Thursday, November 16, 2006

This is the second part of Peter Bell's article on "Balance In Wine". The first part can be found on Tuesday, November 14, 2006 post.

These concepts find very useful application during the barrel-aging of red wines. It is often found that a young Pinot, for example, tastes vaguely out of balance with regard to alcohol, acid and tannins. Small additions of acid to a laboratory sample seem to improve the wine. But what it really needs is more time in barrel, to pick up some tannins from the oak. After eight months or so the low acid becomes not only acceptable but desirable.

In some wines, notably those from Alsace, there is an interplay between small amounts of sweetness and bitterness. Remove the sugar, and the bitterness becomes too apparent; remove the bitterness, and the sweetness (exacerbated by low acid and high alcohol) will play too much of a role in the finish. Alsatian wines in some ways redefine the concept of balance.

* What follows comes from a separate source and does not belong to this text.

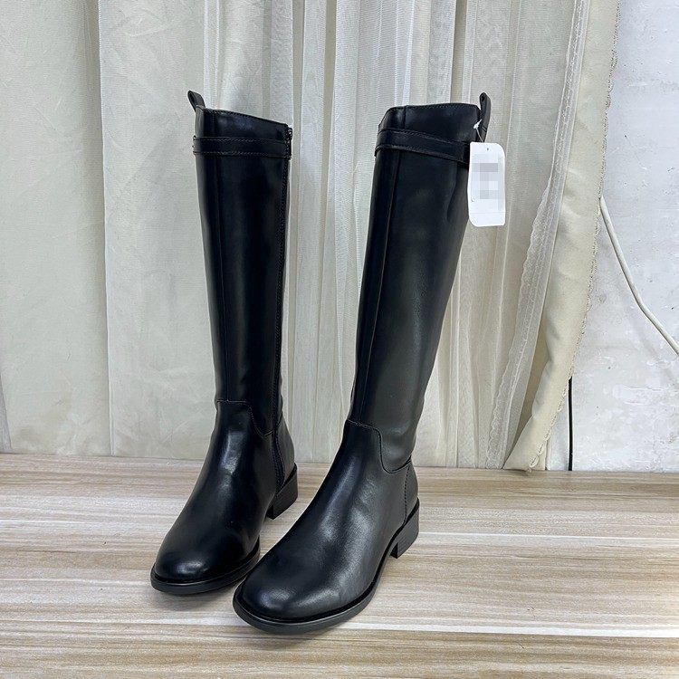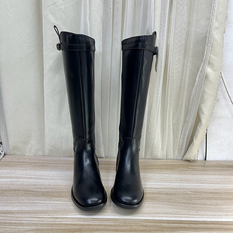 Lady Shoes外贸原单女靴新款时尚圆头纯色粗跟侧拉链时装长筒靴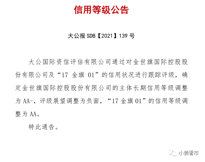 8月31日,大公國(guó)際將金世旗國(guó)際控股股份有限公司(以下簡(jiǎn)稱“金世旗控股”)的主體長(zhǎng)期債務(wù)評(píng)級(jí)從AA下調(diào)至AA-,評(píng)級(jí)展望調(diào)整為負(fù)面,“17金旗01”信用等級(jí)調(diào)整為AA。

Flavor intensity, sometimes referred to as extract, exists in balance with sweetness. Good late harvest wines, as well as sweet fortified wines, have an enormous amount of extract to give the wine interest. This is how such wines can be almost syrupy sweet while still managing to finish dry - a seemingly contradictory situation. These wines also have lots of astringency to aid in this effect. Australian wine tasters refer to the flavor intensity which balances sweet wines as 'lusciousness'.

Other aspects of wines which exist in balance are oak vs. fruit and age vs. youth. As you can imagine these are almost entirely in the realm of subjective response; some tasters love very oaky wines, while others would call the same wines horribly unbalanced. Whole nations can exhibit a preference for one character over another - in Great Britain, for example, there has traditionally been a strong leaning toward wines with extreme bottle age. To these drinkers a wine showing any fruit flavors is one which needs more cellaring.

The temperature at which a wine is served can have a dramatic effect on the balance of its various elements. Low temperatures make tannins seem much more apparent - try chilling a full-bodied red wine down sometime to demonstrate this to yourself. Most people find that wine tastes less acidic at a low temperature. Sweet wines taste sweeter at higher temperatures, and by extension slightly sweet wines, served cold, will generally be perceived as dry.

High temperatures tend to make the alcohol in wine more apparent. This can be a problem with red wines drunk in the summertime - the alcohol, being very volatile, will spoil both the nose and the palate of the wine.